Едва я помещицей основалась в Булони и решила отгородиться от всех, как все сами стали жаловать ко мне. Книги и беседы входили частью в мое перевоспитание. Чем больше я узнавала из книг и от людей, тем больше интересовалась всем, а продвигаясь дальше, все больше убеждалась, сколь недостаточны мои знания. Передо мною был непочатый край работы, но я запретила себе падать духом. В очередной раз в моей жизни была определенная цель.
С появлением интересов голова моя прояснилась, и в одинокие сосредоточенные дни меня вдруг обуревали мысли, буквально требовавшие выхода, а средство для этого одно — перо и чернила. Это накатывало, как приступ, и результат обычно был ничтожен. В сознании еще не вылепилась форма, готовая принять мои мысли, и воображение металось вслепую. Прежде я не задумывалась над тем, что писательство это работа. Боготворя литературу, я считала, что писательство это ниспосланный небом дар, им отмечены избранные, и не мне, простой смертной — звезд с неба не хватаю — отваживаться ступить туда, где обретаются одни боги.

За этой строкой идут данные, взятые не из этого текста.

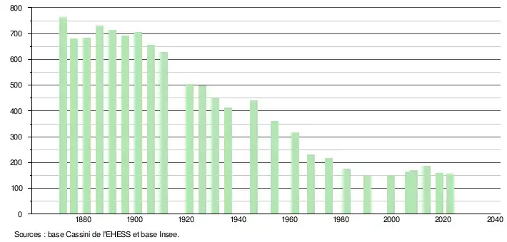 L'évolution du nombre d'habitants est connue à travers les recensements de la population effectués dans la commune depuis 1872. Pour les communes de moins de 10 000 habitants, une enquête de recensement portant sur toute la population est réalisée tous les cinq ans, les populations de référence des années intermédiaires étant quant à elles estimées par interpolation ou extrapolation[20]. Pour la commune, le premier recensement exhaustif entrant dans le cadre du nouveau dispositif a été réalisé en 2008[21].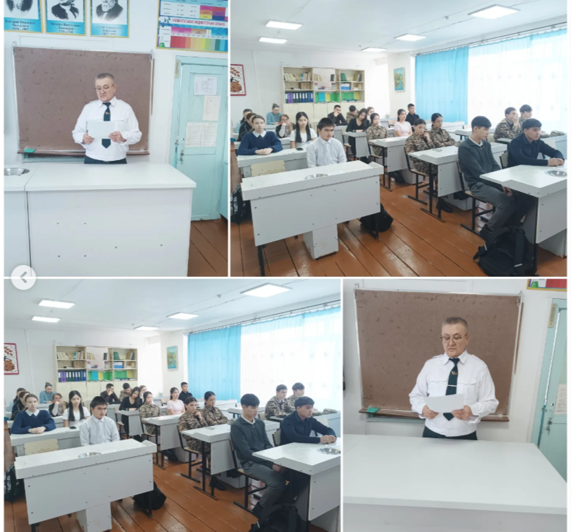2026 жылғы 19 ақпанда АӘ және ТД ұйымдастырушысы С.Алинов 9-11 сынып оқушылары арасында «Терроризм актісі туралы жасырын хабарламалар» тақырыбында дәріс өткізді. Дәріс барсысында оқушылар егер адам лаңкестік туралы жалған шақыру жасаса не болатынын білді.

Незадолго до этого меня подрядили регулярно давать статьи в один шведский журнал. Я, конечно, и не думала писать их сама: я поручила это одной своей подопечной, немолодой русской из бывших, которая, мне казалось, знаниями и способностями больше годилась для дела, чем я. Перед тем как отправлять статьи, я их перечитывала, вставляла фразу–другую, меняла пару слов. Гонорар, на французские деньги, совсем недурной, делился между автором и другими нуждающимися.
Зимою 1927 года, сразу после женитьбы брата, я сошлась с группой французов, увлекавшихся литературой и политикой. Встречались мы по–домашнему, и, к моему огромному удивлению, их увлекли мои истории. Они часами слушали рассказы о детстве и юности, расспрашивали о войне и революции. Они разговорили меня, и было одно удовольствие держать речь перед такими внимательными слушателями. Я в новом свете увидела свою жизнь, ее события предстали звеньями одной цепочки, неким пунктиром в общем движении. Признаюсь, я не думала, что это имеет какое то историческое значение, поскольку моя роль была незначительной, но обидно не оставить письменное свидетельство о делах и событиях, которым был очевидцем.
Воображение готовно отозвалось. Вот тема, близкая мне во всех отношениях. Ободряемая друзьями, я села писать; у
меня не было выбора, ничто уже не могло меня остановить. Из подернутого дымкой прошлого выплывали давно забытые картины, подробные и яркие. Возвращались звуки и запахи. Пальцы осязали знакомые вещи. Я снова переживала тогдашние чувства, и переживала их с прежней силой. То рассмеюсь наедине с собой, а то навернутся слезы и оставят следы на странице.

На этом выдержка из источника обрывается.